You realise how useless a flop is when it is unable to provide Bradscribe with sufficient quotes! Jeez – really struggled to find suitable lines from any of the wretched assortment collected here, ultimately resorting to a few nuggets from this Pirates sequel, and – shiver me frickin’ timbers (ahem) “other comedy classics.”

At some point in this Post, we will have to deal with the Worst of the Worst. 

So, on that note, here, theoretically, is where a still from the latest noisy, changeable-‘bots crudfest: Transformers: The Last Shite should go:

Jack Kipper: “We just had a leak in the hold.” 

Scurvy Joe: “Did you? Well next time do it over the side, arrr!”

King Arthur: “The Lady of the Lake, her arm clad in the purest shimmering samite held aloft Excalibur from the bosom of the water, signifying by divine providence that I, Arthur, was to be your King.” 

Dennis: “Listen, strange women lyin’ in ponds distributin’ swords is no basis for a system o’ government… You can’t expect to wield supreme executive power just ‘cos some watery tart threw a sword at you.” 

You see?! 

The Transformers franchise – based on a range of toys fer cakes’ sake! – is so dire, it’s utterly pointless bothering to illustrate it with stills. No, we (patience permitting) shall leave the least till last!

Instead, with a keen fondness for all-things-Arthurian, a blockbuster based on this quintessentially-English literary tradition should have piqued my interest, but one has grown accustomed to the deflatingly inadequate (and disrespectful) fare that Hollywood can manufacture… 
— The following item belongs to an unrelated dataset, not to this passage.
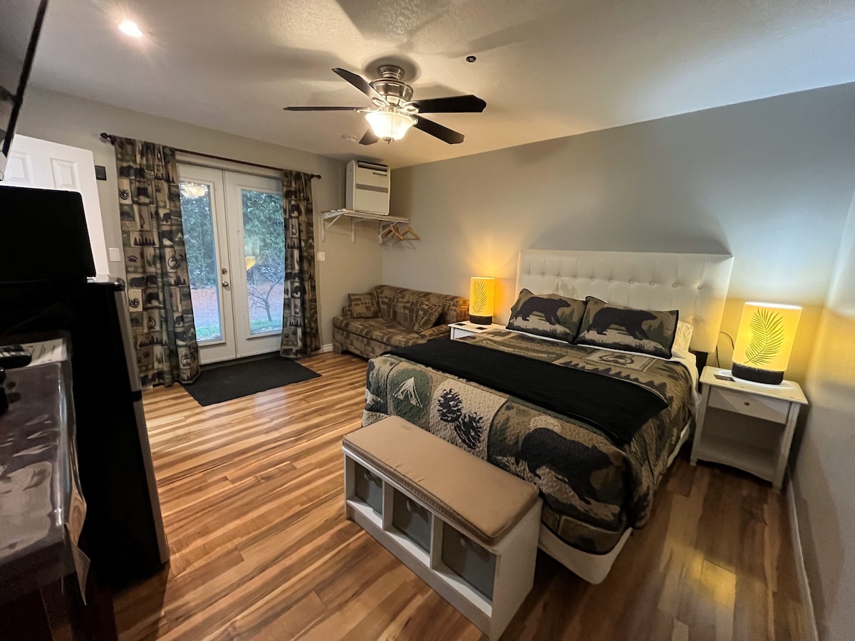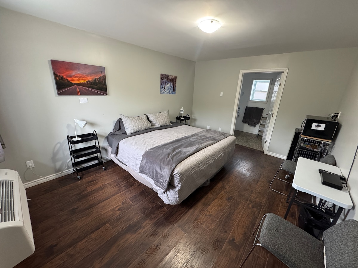 New in 2026: no pets. LIVE MUSIC on Tuesday, Friday, and Saturday nights! This is a private room above our licensed bar, Bongopix Tavern. We serve food, alcohol, and espresso coffee 3 nights a week (Tues/Fri/Sat). Enjoy Algonquin Park during the day. Party at the Tavern at night! All guests must be age 19+

In King Arfur: Leg End Of The Bored, Blimey Charlie Humdrum – ho hum, wouldya Adam-an’-Eve it? Another Brad-clone! – steps into Guy Ritchie’s right ol’ Cockney knees-up retelling of the Arfur gubbins with ‘is Roight Noble Geezers o’ the Rahnd Table. Cor blimey, guv’nor!

On paper, this should have been as sound as a pound – perhaps using a Cool Britannia soundtrack (including The Who, The Stranglers, Adam & The Ants, The Damned, Ian Dury And The Blockheads, Eddie & The Hot Rods et al)?; employing a certain ridiculously good-looking blogger 😉 to write some witty banter, eh? eh?!   

Nah… 

Arfur turned out to be as substandard and disagreeable (28%!) as those dodgy donuts me stomach wuz subjected to at the end of the pier last Friday noight. For this shoddy shambles swiftly degeneratesinconceivably, inexplicably – into an insipid medieval pile-up of CG-battle scenes, CG-monsters, CG-pachyderms and- stone the bloody crows! CG-pachyderms?! ‘E’s orf ‘is nut! Do me a favAH! etc. etc.

Should’ve deployed the zombie sharks, mate…

What a loada cobblers…

Baz Hogan: “Storm’s dying down.”

Nova Clarke: “How can you tell?”

Baz Hogan: “Not as many sharks flying around.”

“Does Mummy ever ask about me?” – Captain Jack Sparrow.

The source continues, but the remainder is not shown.